#### What to produce
Word for word, copy the lines from the one with "이번 사태는 비트코인과" to the last line of the data below, counting both, and keep every picture out.

#### Source data
● ● ● ● ● ● ●

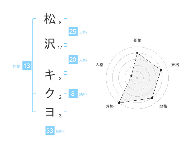 松沢 キクヨさんを姓名の画数から五運を鑑定
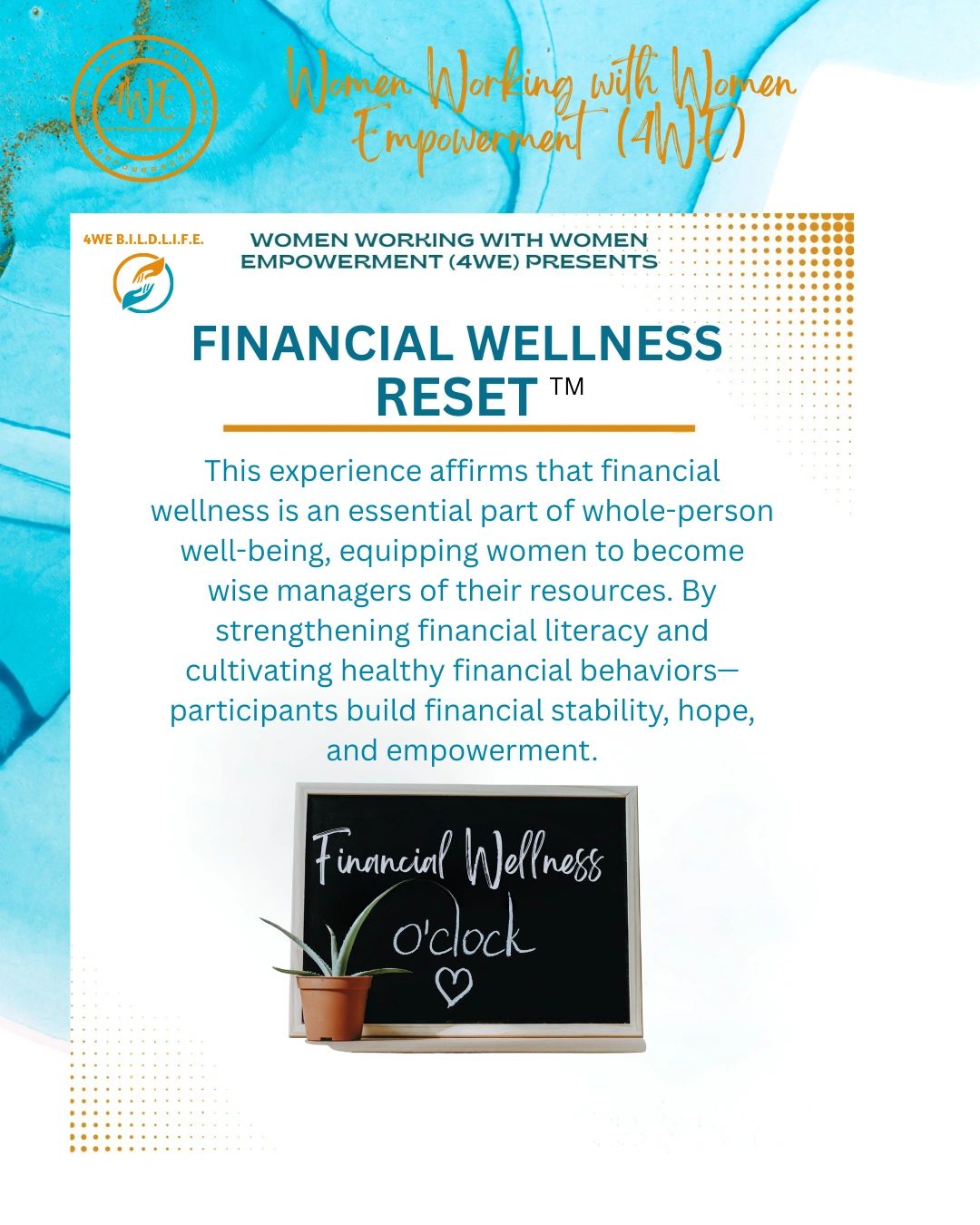By entering an event or program of Women Working with Women Empowerment (4WE), you are entering an area where photography, audio and video recording may occur. Your entry and presence on the event premises constitutes your consent to be photographed, filmed, and/or otherwise recorded and to the release, publication, exhibition, or reproduction of any and all recorded media of your appearance, voice, and name for any purpose whatsoever in perpetuity in connection with 4WE and its initiatives, including, by way of example only, use on websites, in social media, news and advertising.
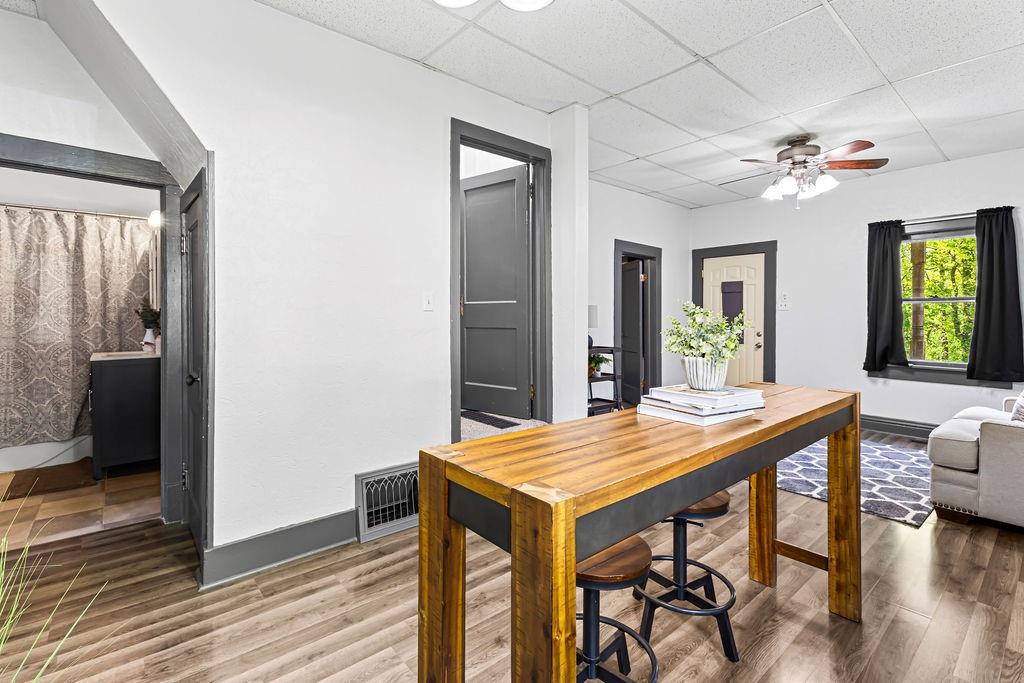 Charming centrally located 2-bedroom, 1-bath historic home on a corner lot blending timeless character with thoughtful modern updates. Inside, you’ll find low-maintenance plank flooring and fresh, paint throughout, creating a bright and inviting space ready for your personal touch. The home retains its classic appeal while offering the comfort and convenience today’s buyers appreciate. Step outside to enjoy the adorable new front porch—perfect for morning coffee or relaxing evenings. Ideally situated overlooking the Parkway, this home provides easy access to everything you need while also being just moments from scenic walking trails, the dog park, and a peaceful pond. A perfect combination of charm, location, and easy living—don’t miss this one!
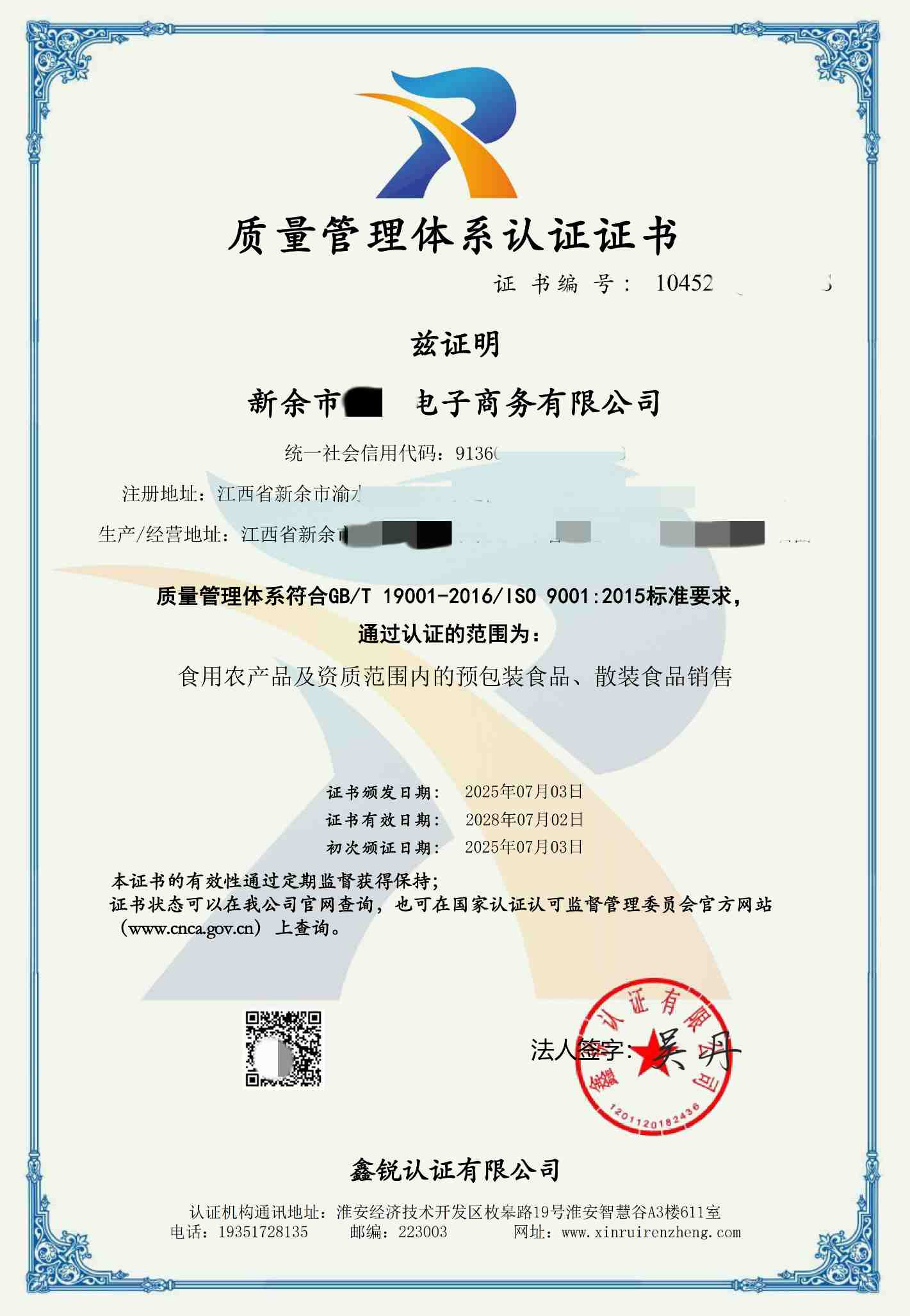 新余市泓兴电子商务有限公司司办理ISO9001体系认证证书/AAA信用等级证书/商标/软件著作权/实用新型专利/人员证书/行业资质证书/两化融合贯标等项目认证均可联系我司办理
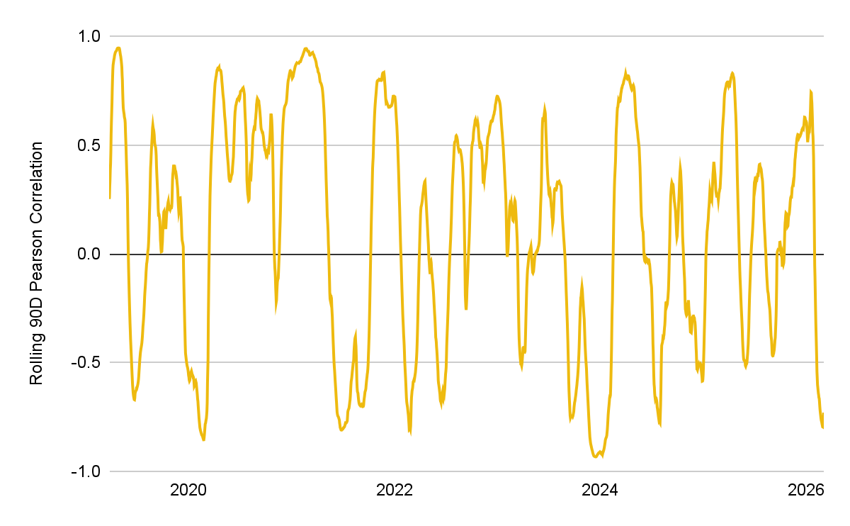 이번 사태는 비트코인과 원유의 관계를 다시 생각하게 만들었습니다. 현재 기준으로 보면 비트코인과 WTI 유가는 90일 롤링 상관계수 기준 음의 상관관계를 보이고 있습니다. 단순하게 보면 유가가 오를수록 비트코인은 약세를 보이는 구조처럼 보일 수 있습니다. 에너지 가격 상승이 성장 둔화와 인플레이션 압력을 동시에 자극하기 때문입니다.
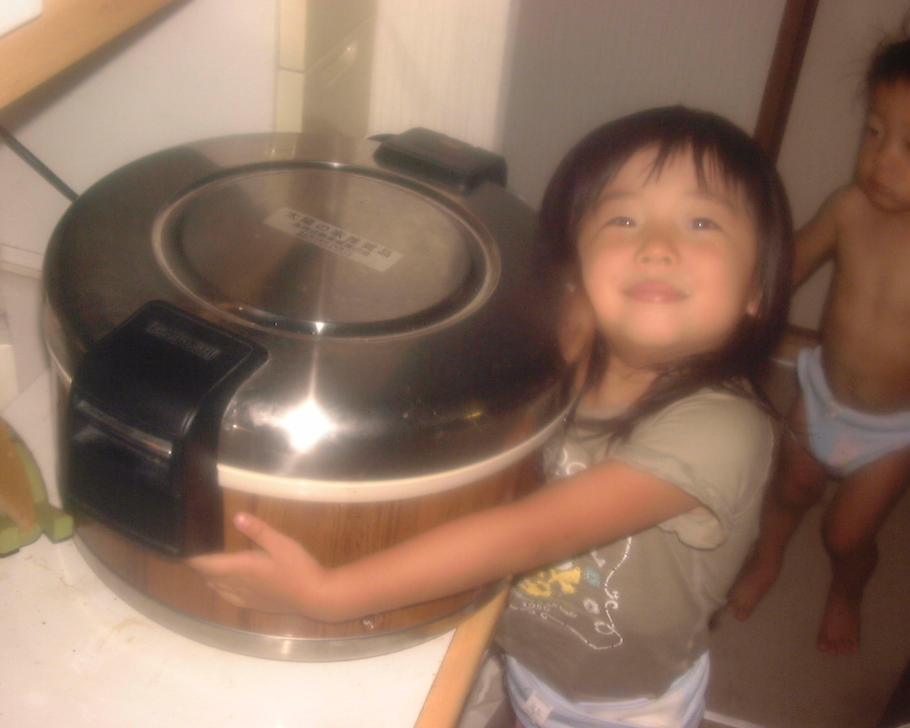 炊いたものは専用の業務用のような大きな圧力がまに入れて保温します。

● ● ● ● ● ● ●

#### Task solution
 이번 사태는 비트코인과 원유의 관계를 다시 생각하게 만들었습니다. 현재 기준으로 보면 비트코인과 WTI 유가는 90일 롤링 상관계수 기준 음의 상관관계를 보이고 있습니다. 단순하게 보면 유가가 오를수록 비트코인은 약세를 보이는 구조처럼 보일 수 있습니다. 에너지 가격 상승이 성장 둔화와 인플레이션 압력을 동시에 자극하기 때문입니다.
 炊いたものは専用の業務用のような大きな圧力がまに入れて保温します。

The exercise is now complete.